One innovative start-up is exploring how immersive technology might make talking with a friend or loved one who has passed away or having a conversation with your younger self possible. VHEX (Virtual Human Experience) Lab showcased an immersive extended-reality grief therapy platform that creates a virtual avatar from a photo. According to the company, the experience is guided in real time by a trained XR therapist. So basically, you upload a picture of a loved one to the system. Wearing a virtual reality headset, you are able to speak with the avatar of the loved one, which responds through speech, nods, smiles and other gestures.

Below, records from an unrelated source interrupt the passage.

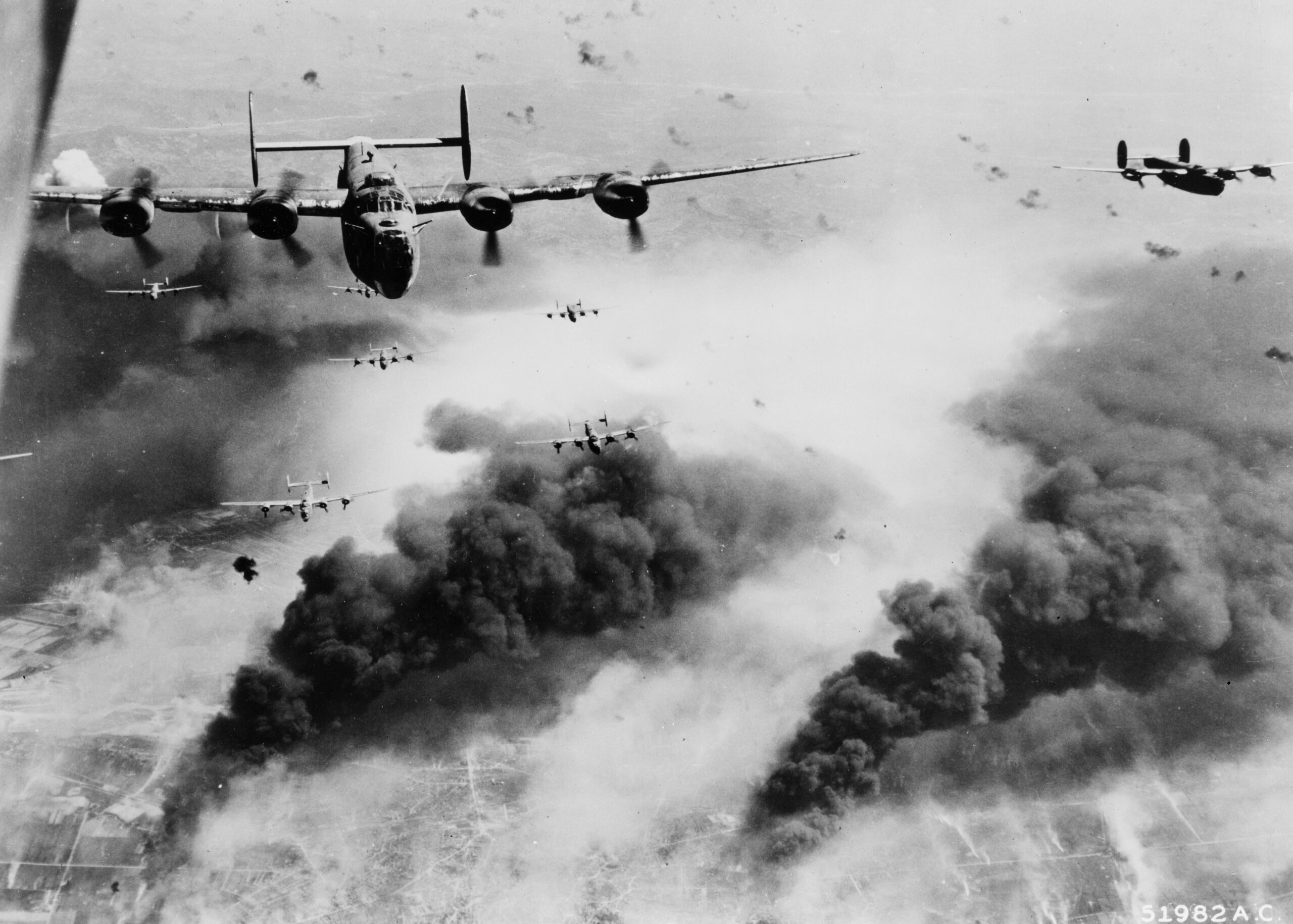 Waves of B-24 Liberators of the 15th Air Force fly over the target area of the Concordia Vega Oil refinery in Ploiești, Romania, unmindful of bursting flak, after dropping their bomb loads on May 31, 1944. Image courtesy of the Library of Congress.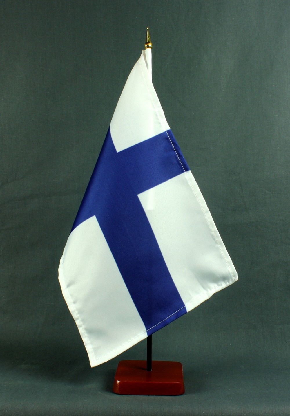 Produktinformationen "Tischflagge Finnland 20x30 cm optional mit Tischflaggenständer aus Mahagoni Holz"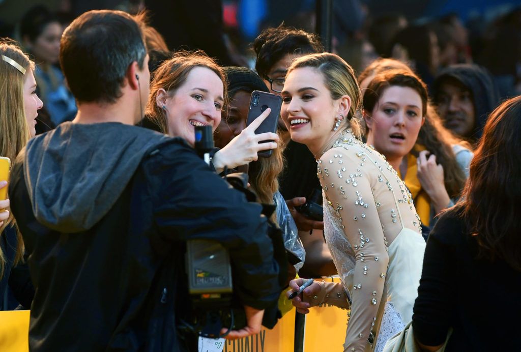 Lily James a rajongókkal (Fotó: Gareth Cattermole/Getty Images)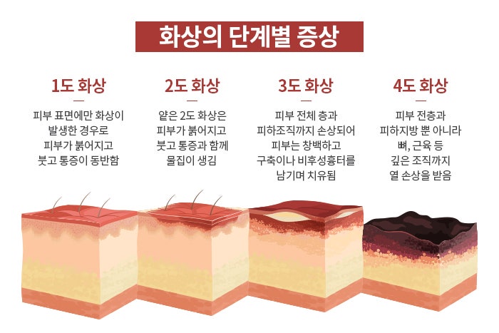 화상은 피부 손상 정도에 따라 1도, 2도, 3도 화상으로 나뉩니다.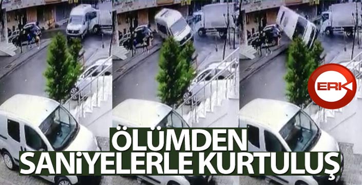 Görüntülerde 2 genç sokak üzerinde yürüyor. Gençler karşı sokağın kaldırımına geldiği esnada sokak üzerinden servis minibüsü geliyor. Diğer sokaktan çıkan kapalı kasa kamyonet ise keşişim noktasında minibüse çarpıyor. Kontrolden çıkan minibüs devriliyor. Kaldırımdaki 2 genç ise saniyelerle minibüsün altında kalmaktan kurtuluyor. Yan yatan minibüsün sürücüsünü kurtarmak için vatandaşlar koşuyor.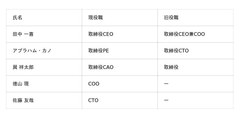 今回の体制変更では、CxOへの登用を通じて、各人の権限と責任範囲をより明確にし、社会実装フェーズにおける事業推進体制の強化を図ります。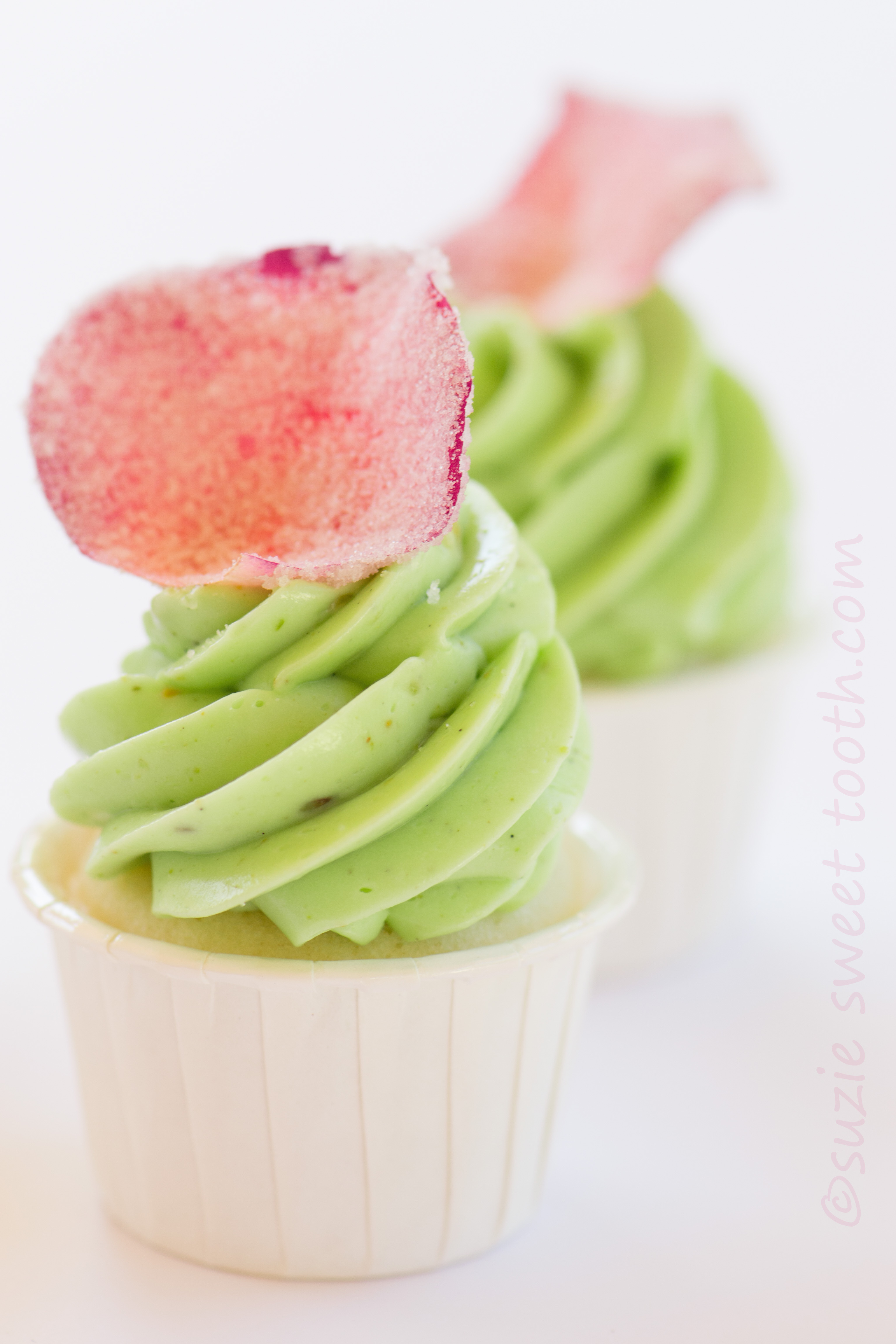 rose cupcakes with pistachio buttercream and sugared rose petals

VHEX Lab won a digital health innovation award at CES this year. The South Korean company was founded in 2023 with the goal of treating emotional and mental health in novel ways. Its platform is designed to help people process grief and find closure, offering an alternative way to mourn. This one just blows me away. It struck hard as I write on what would be my sister’s 56th birthday, having died 28 years ago. It’s just incredible what innovations bring. Wow. Just wow. 

Back to the Present:
Despite all the chaos and confusion, the Stock Market remains near all-time highs. Earnings Season will provide that needed look into the health of Corporate America and what lies ahead. Expectations are pretty high. Innovation continues to lead the charge. But the future is never certain. Neither is reality, these days. 2026 is littered with both risks and opportunities. Planet Earth is such a complex place. And it’s all very investable for those able to see beyond the now.

Have a nice weekend. The Market will be closed Monday, in honor of Dr. King’s birthday. Our office will be closed too, back open dark and early on Tuesday.